### TASK DESCRIPTION:
Output the lines of the entries below beginning at the one with "R & M Richards" and ending with the last, exactly as written and without pictures.

### MATERIAL FOR THIS EXERCISE:
▼

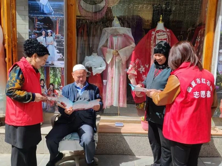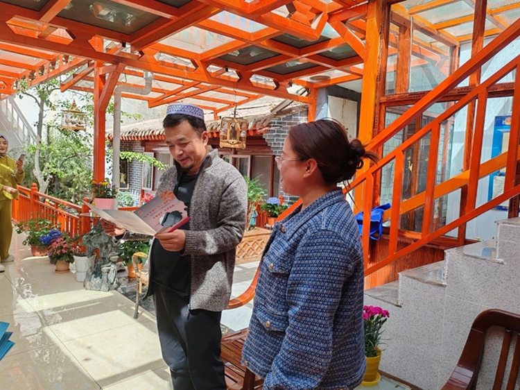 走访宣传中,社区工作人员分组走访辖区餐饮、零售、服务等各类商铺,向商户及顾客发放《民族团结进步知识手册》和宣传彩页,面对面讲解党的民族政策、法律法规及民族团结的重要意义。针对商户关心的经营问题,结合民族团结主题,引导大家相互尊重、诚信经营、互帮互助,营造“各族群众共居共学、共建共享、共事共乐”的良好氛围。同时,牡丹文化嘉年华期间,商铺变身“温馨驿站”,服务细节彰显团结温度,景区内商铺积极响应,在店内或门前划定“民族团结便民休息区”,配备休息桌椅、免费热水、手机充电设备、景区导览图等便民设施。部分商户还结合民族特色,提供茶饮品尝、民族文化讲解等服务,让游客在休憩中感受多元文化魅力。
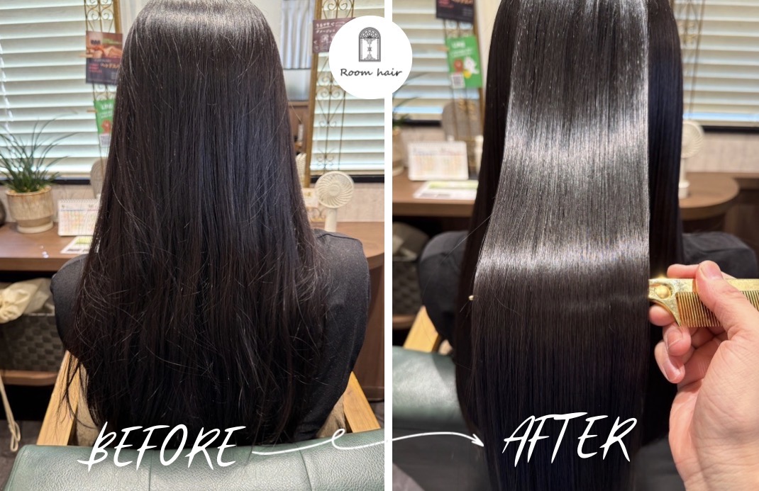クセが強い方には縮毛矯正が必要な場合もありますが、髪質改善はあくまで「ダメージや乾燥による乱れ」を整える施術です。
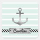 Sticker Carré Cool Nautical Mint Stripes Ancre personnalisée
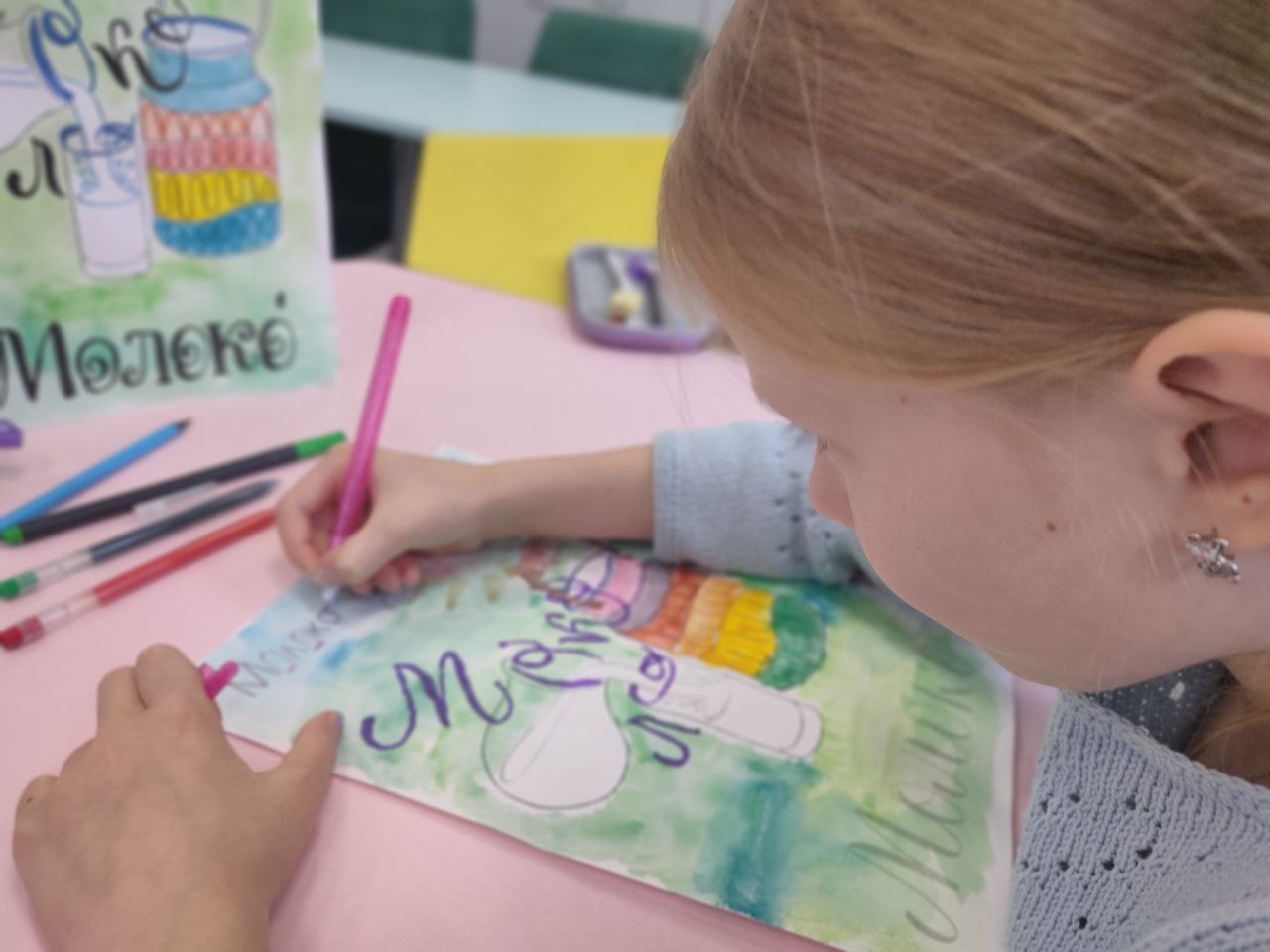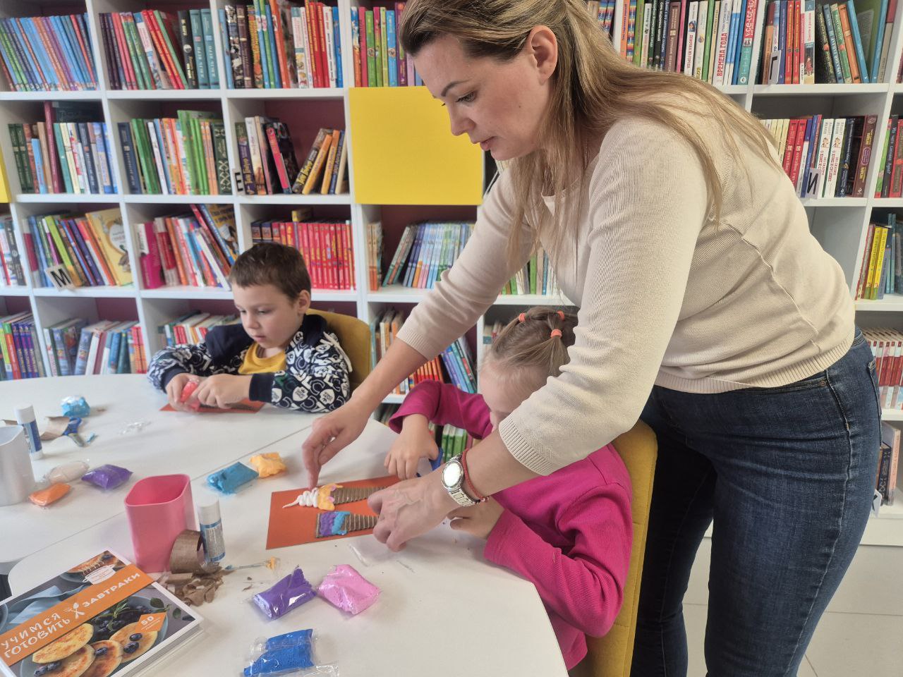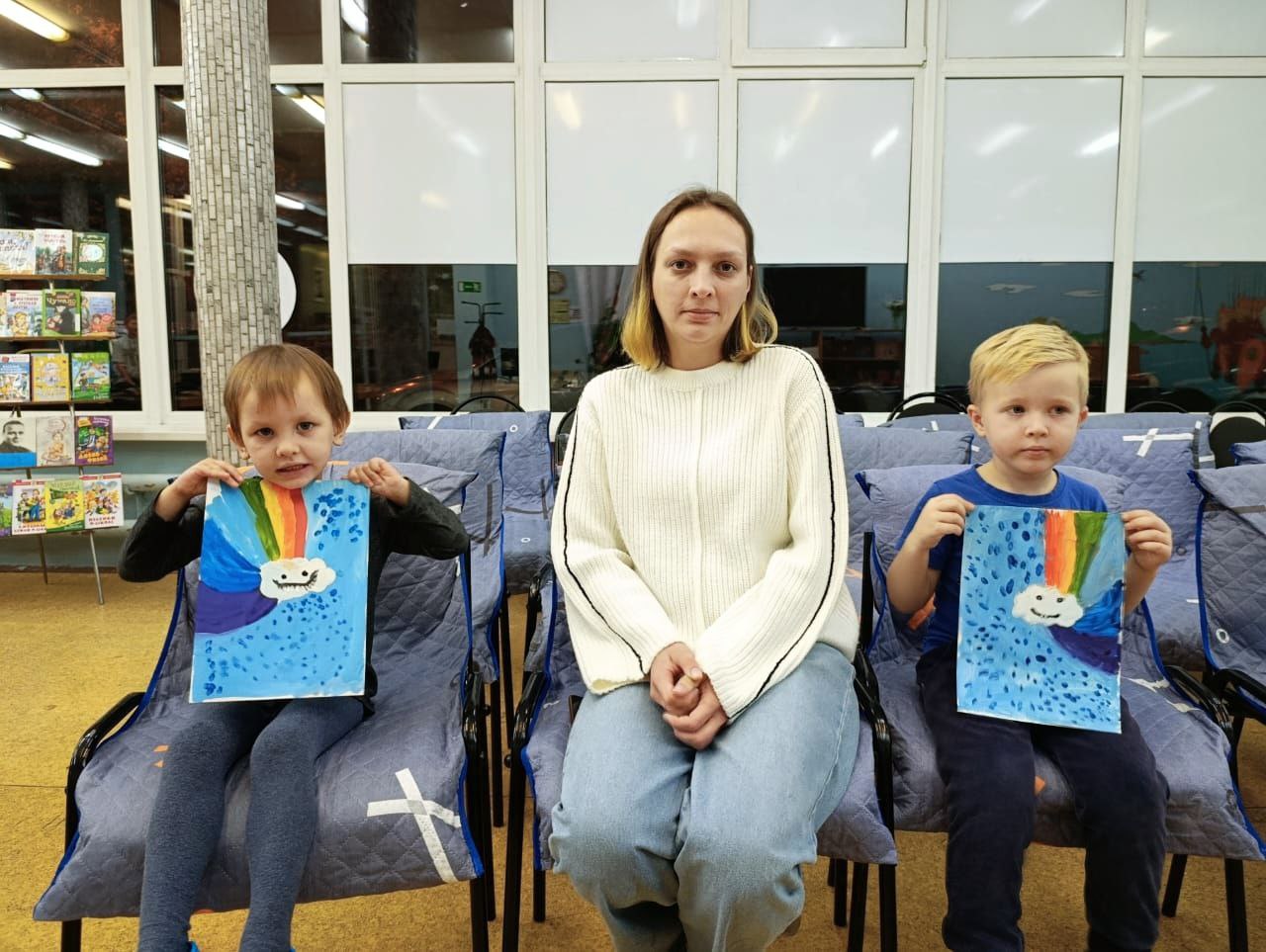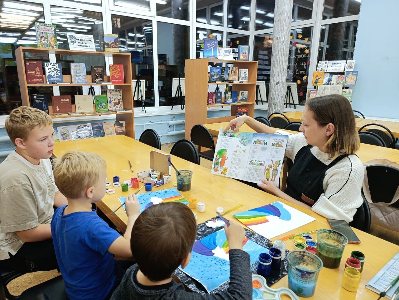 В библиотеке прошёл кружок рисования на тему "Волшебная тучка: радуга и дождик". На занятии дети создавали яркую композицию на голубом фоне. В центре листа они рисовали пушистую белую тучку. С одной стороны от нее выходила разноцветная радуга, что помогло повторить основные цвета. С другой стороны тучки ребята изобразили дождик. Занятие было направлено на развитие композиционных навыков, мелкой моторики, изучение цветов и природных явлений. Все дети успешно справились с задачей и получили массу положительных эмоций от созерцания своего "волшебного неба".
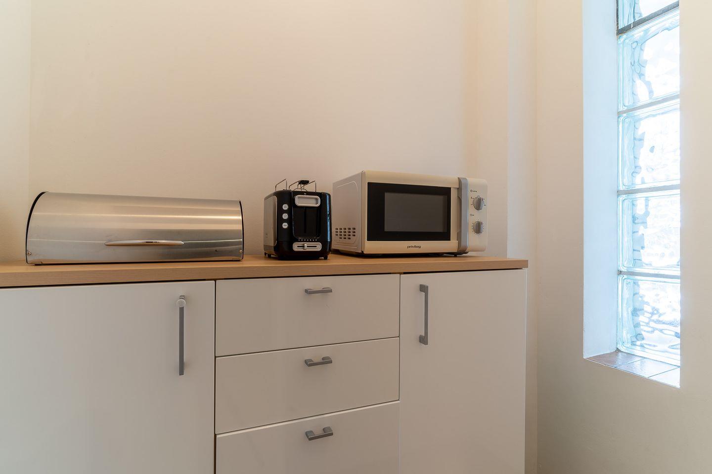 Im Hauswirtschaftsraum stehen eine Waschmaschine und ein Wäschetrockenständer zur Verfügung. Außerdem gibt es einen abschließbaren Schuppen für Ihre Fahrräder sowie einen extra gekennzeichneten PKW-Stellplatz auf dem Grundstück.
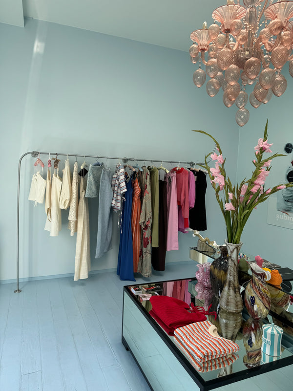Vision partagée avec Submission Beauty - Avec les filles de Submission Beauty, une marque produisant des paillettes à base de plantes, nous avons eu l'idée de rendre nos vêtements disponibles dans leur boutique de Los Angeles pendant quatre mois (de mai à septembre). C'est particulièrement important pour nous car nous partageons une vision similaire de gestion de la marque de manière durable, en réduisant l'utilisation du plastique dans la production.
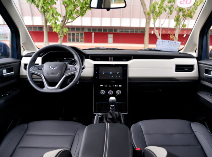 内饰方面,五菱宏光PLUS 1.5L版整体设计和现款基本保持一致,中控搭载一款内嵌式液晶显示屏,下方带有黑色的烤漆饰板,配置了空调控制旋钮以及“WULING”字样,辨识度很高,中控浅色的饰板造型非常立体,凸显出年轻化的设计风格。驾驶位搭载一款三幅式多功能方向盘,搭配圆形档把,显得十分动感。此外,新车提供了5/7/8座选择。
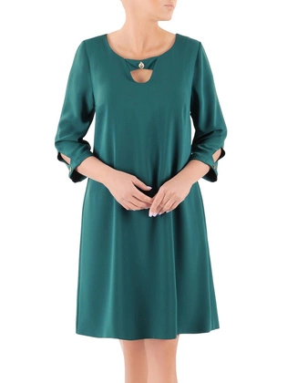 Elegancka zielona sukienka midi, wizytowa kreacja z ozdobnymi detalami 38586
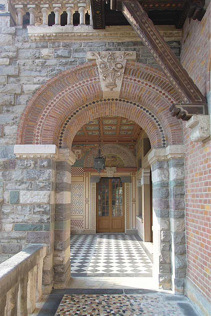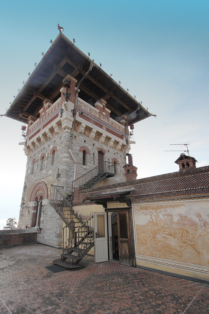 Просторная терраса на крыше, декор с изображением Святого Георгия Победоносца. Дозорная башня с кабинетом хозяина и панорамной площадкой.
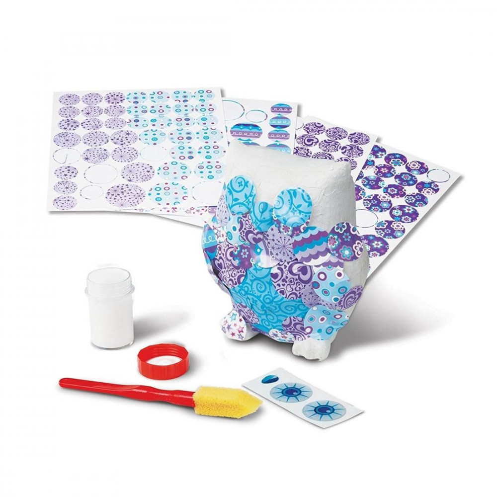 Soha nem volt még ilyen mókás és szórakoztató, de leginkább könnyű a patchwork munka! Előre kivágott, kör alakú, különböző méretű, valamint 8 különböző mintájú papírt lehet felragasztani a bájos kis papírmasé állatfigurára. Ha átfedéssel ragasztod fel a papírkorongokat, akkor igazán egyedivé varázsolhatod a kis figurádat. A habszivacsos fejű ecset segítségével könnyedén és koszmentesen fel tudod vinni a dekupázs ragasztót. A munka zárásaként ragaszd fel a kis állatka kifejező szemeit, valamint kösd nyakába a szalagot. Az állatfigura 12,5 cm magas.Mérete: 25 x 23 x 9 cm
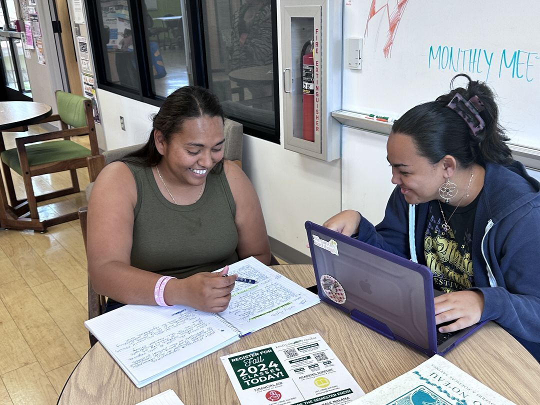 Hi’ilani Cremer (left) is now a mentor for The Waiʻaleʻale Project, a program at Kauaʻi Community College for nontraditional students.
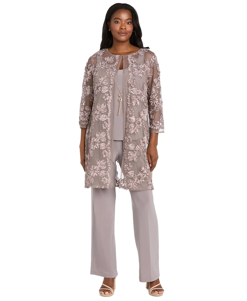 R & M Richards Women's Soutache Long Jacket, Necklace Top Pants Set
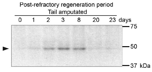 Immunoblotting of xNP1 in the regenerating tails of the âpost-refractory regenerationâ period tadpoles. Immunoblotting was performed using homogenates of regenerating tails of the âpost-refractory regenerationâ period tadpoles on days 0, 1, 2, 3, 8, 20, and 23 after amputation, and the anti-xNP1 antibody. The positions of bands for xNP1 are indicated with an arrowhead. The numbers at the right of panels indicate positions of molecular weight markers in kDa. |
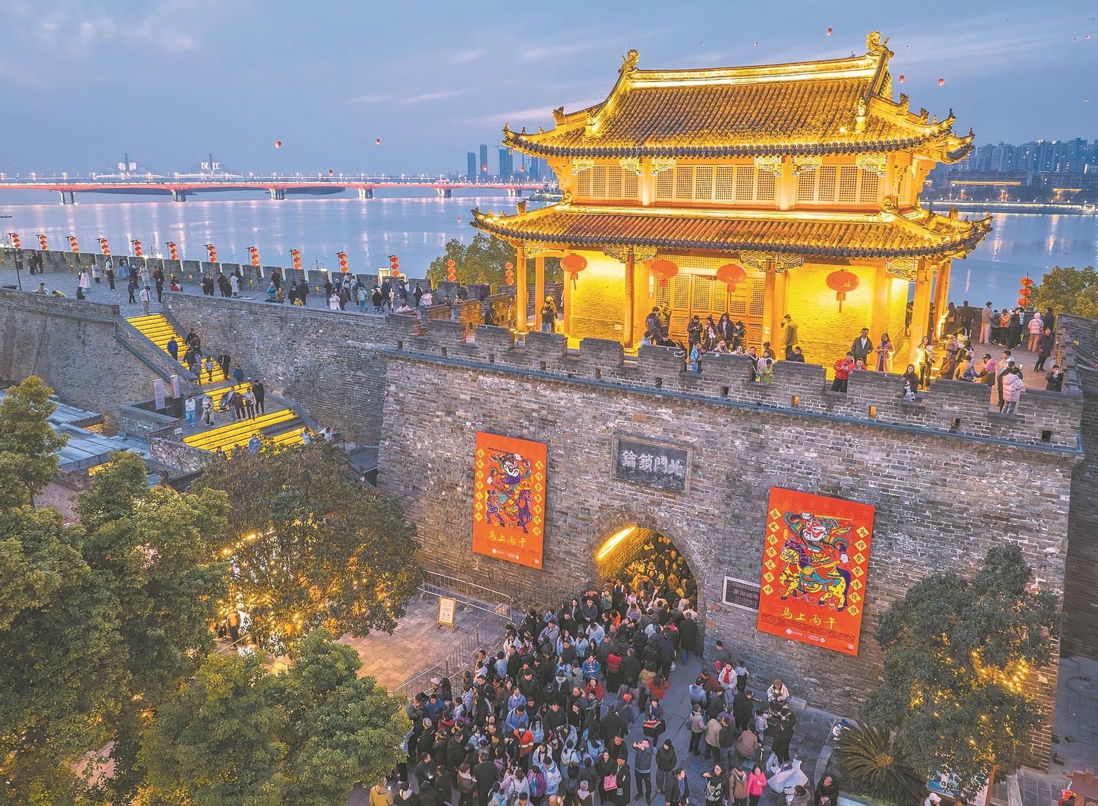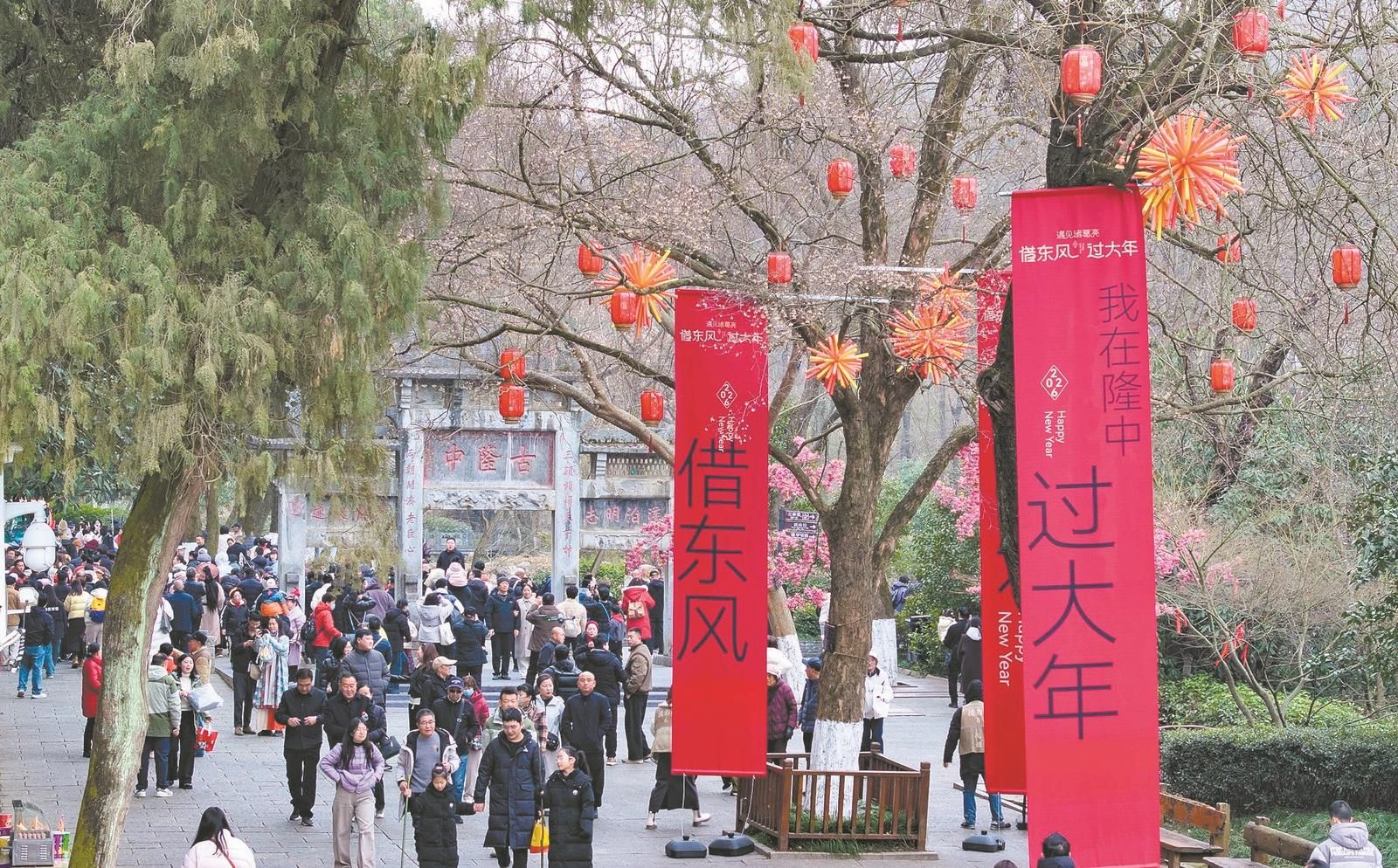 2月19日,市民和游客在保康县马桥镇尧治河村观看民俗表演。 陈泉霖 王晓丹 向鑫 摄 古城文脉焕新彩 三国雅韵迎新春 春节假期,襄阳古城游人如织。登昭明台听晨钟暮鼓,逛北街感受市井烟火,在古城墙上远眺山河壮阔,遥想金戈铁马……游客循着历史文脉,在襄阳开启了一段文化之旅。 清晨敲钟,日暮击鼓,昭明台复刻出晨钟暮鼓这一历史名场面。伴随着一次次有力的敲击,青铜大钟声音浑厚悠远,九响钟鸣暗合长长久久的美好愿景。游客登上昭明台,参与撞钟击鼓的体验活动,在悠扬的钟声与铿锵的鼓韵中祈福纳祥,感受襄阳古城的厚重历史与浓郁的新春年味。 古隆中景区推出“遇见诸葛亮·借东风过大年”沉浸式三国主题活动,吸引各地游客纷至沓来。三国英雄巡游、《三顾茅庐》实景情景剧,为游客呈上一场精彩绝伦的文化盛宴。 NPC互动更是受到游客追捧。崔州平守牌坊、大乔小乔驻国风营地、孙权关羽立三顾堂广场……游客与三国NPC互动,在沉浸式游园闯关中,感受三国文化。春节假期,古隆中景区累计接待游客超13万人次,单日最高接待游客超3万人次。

▲

### FINISHED TASK:
 R & M Richards Women's Soutache Long Jacket, Necklace Top Pants Set
 Immunoblotting of xNP1 in the regenerating tails of the âpost-refractory regenerationâ period tadpoles. Immunoblotting was performed using homogenates of regenerating tails of the âpost-refractory regenerationâ period tadpoles on days 0, 1, 2, 3, 8, 20, and 23 after amputation, and the anti-xNP1 antibody. The positions of bands for xNP1 are indicated with an arrowhead. The numbers at the right of panels indicate positions of molecular weight markers in kDa. |
 2月19日,市民和游客在保康县马桥镇尧治河村观看民俗表演。 陈泉霖 王晓丹 向鑫 摄 古城文脉焕新彩 三国雅韵迎新春 春节假期,襄阳古城游人如织。登昭明台听晨钟暮鼓,逛北街感受市井烟火,在古城墙上远眺山河壮阔,遥想金戈铁马……游客循着历史文脉,在襄阳开启了一段文化之旅。 清晨敲钟,日暮击鼓,昭明台复刻出晨钟暮鼓这一历史名场面。伴随着一次次有力的敲击,青铜大钟声音浑厚悠远,九响钟鸣暗合长长久久的美好愿景。游客登上昭明台,参与撞钟击鼓的体验活动,在悠扬的钟声与铿锵的鼓韵中祈福纳祥,感受襄阳古城的厚重历史与浓郁的新春年味。 古隆中景区推出“遇见诸葛亮·借东风过大年”沉浸式三国主题活动,吸引各地游客纷至沓来。三国英雄巡游、《三顾茅庐》实景情景剧,为游客呈上一场精彩绝伦的文化盛宴。 NPC互动更是受到游客追捧。崔州平守牌坊、大乔小乔驻国风营地、孙权关羽立三顾堂广场……游客与三国NPC互动,在沉浸式游园闯关中,感受三国文化。春节假期,古隆中景区累计接待游客超13万人次,单日最高接待游客超3万人次。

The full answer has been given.